Apart from the images, reproduce all of the data word for word.

> [Supplied material]:
··········

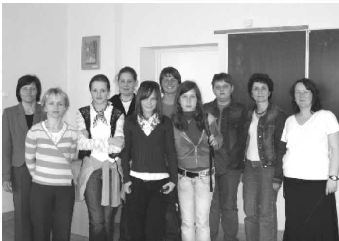
Uczestnicy konkursu Złotousty

W dn. 14 - 18 maja kolejny raz obchodziliśmy w naszej szkole Dni Kultury Języka Polskiego. Ta doroczna impreza ma na celu wzbudzenie w młodzieży polonistycznej ciekawości, uświadomienie na problemy kultury języka, podkreślenie wagi znajomości ojczystej mowy.
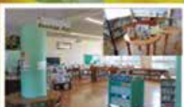
リーディングホール

··········

> [Answer section]:
Uczestnicy konkursu Złotousty

W dn. 14 - 18 maja kolejny raz obchodziliśmy w naszej szkole Dni Kultury Języka Polskiego. Ta doroczna impreza ma na celu wzbudzenie w młodzieży polonistycznej ciekawości, uświadomienie na problemy kultury języka, podkreślenie wagi znajomości ojczystej mowy.
リーディングホール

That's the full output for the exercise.